Overall, the results show that the cows fed more glucose-producing diets in early lactation (that is high-starch or monensin) had increased milk yield and DMI during the immediate after- calving period, indicating that diets with greater glucose-producing capacity do not have detrimental effects on early-lactation DMI. This is positive, but as high starch diets may cause acidosis, managers should be careful. Monensin, of course, can assist wih control of acidosis.

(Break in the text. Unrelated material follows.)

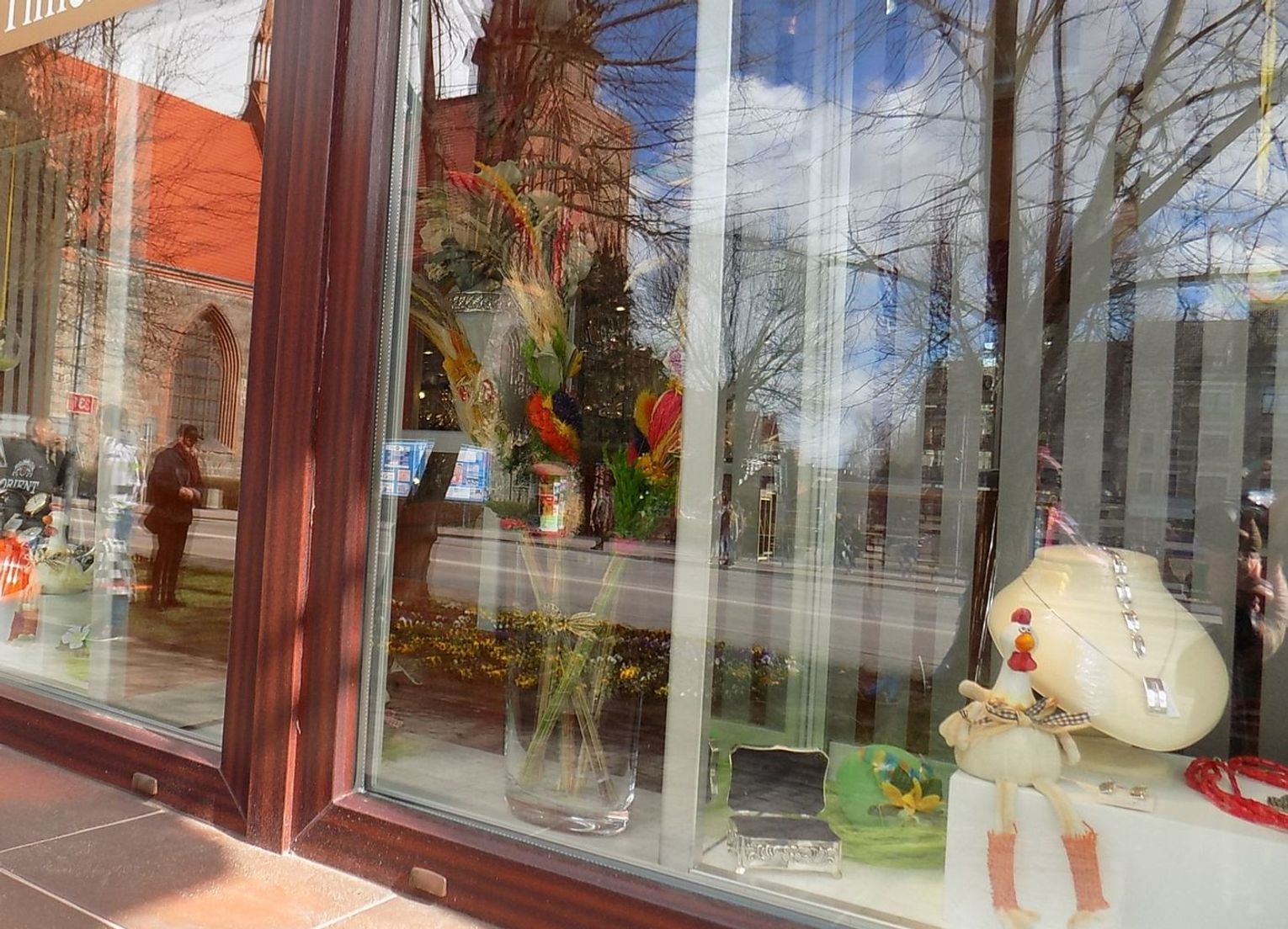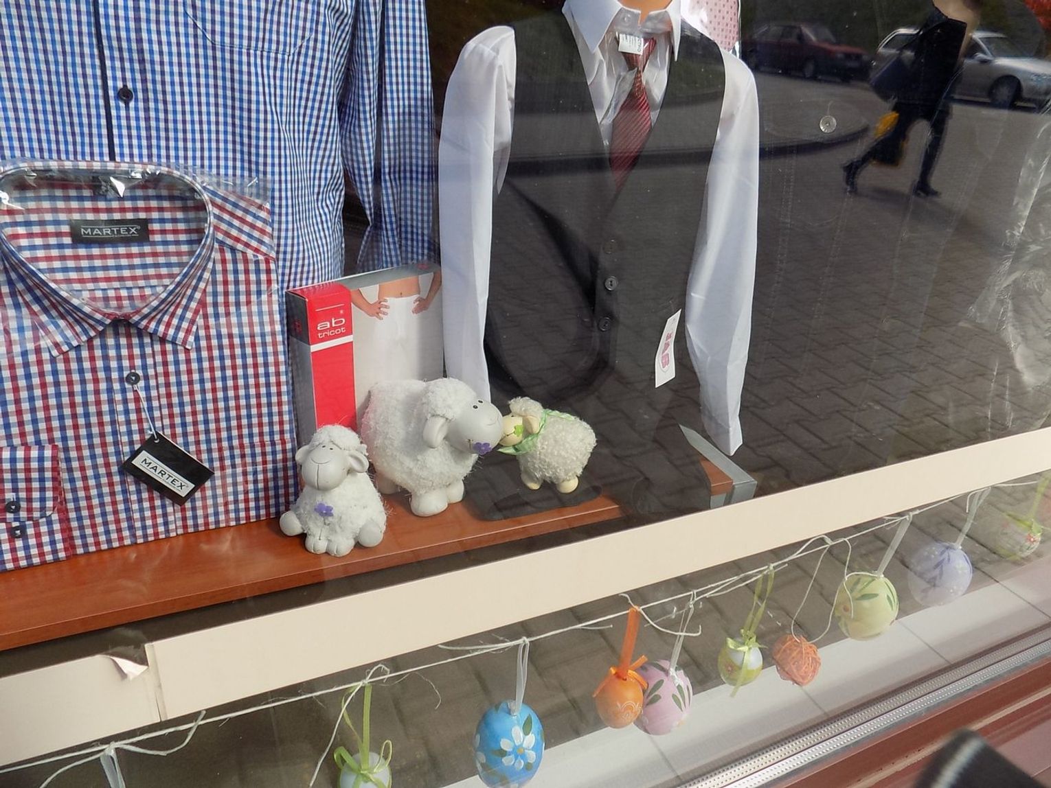 Wiele wystaw sklepowych szarych, zupełnie bez chęci i wielkanocnego pomysłu. Udało mi się jednak znaleźć na Górnym Tarasie witrynę z barankami, zajączkami i kurczakami.

The objective of the second study was to evaluate the effect of these dietary starch and monensin treatments on the metabolism of the cows during early lactation. The results show that cows fed the high-starch diet had higher plasma glucose and insulin and lower non-esterified fatty acids (NEFA) than the cows fed the low-starch diet during day 1 to 21 after calving. The cows fed low-starch had elevated early-lactation β-hydroxybutyrate (BHBA) compared with the cows fed the high-starch, indicating that the cows on low-starch had to mobilise more body energy than the cows on high-starch. There was no effect of monensin on the after calving plasma NEFA, but the cows fed monensin had higher plasma glucose compared with control (no monensin) cows. The cows fed monensin also had lower plasma BHBA compared with the control cows. Starch treatment had no effect on overall liver triglyceride content. However, the first-calf heifers fed monensin had increased liver triglyceride content compared with the control first-calf heifers and the older cows fed monensin had decreased liver triglyceride content compared with the control older cows. The older cows fed the low-starch diet with monensin had higher liver glycogen contents than the older cows fed the low-starch diet without monensin. Monensin treatment had no effect on older cows fed the high-starch diet. There was no effect of starch or monensin on the capacity of the liver to oxidize (utilise) propionate and the effects of starch on the production of glucose from other metabolites were not significant. However, the cows fed monensin tended to have a greater capacity to convert propionate to glucose than control cows. Supplementation with monensin increased the ratio of glucose to carbon dioxide, which indicates that the cows fed monensin had a greater propensity to convert propionate to glucose.
Overall, the cows fed more propionate-forming diets in early lactation (high starch or monensin) exhibited improved energy metabolism during early lactation, substantiating the observations found in the production study.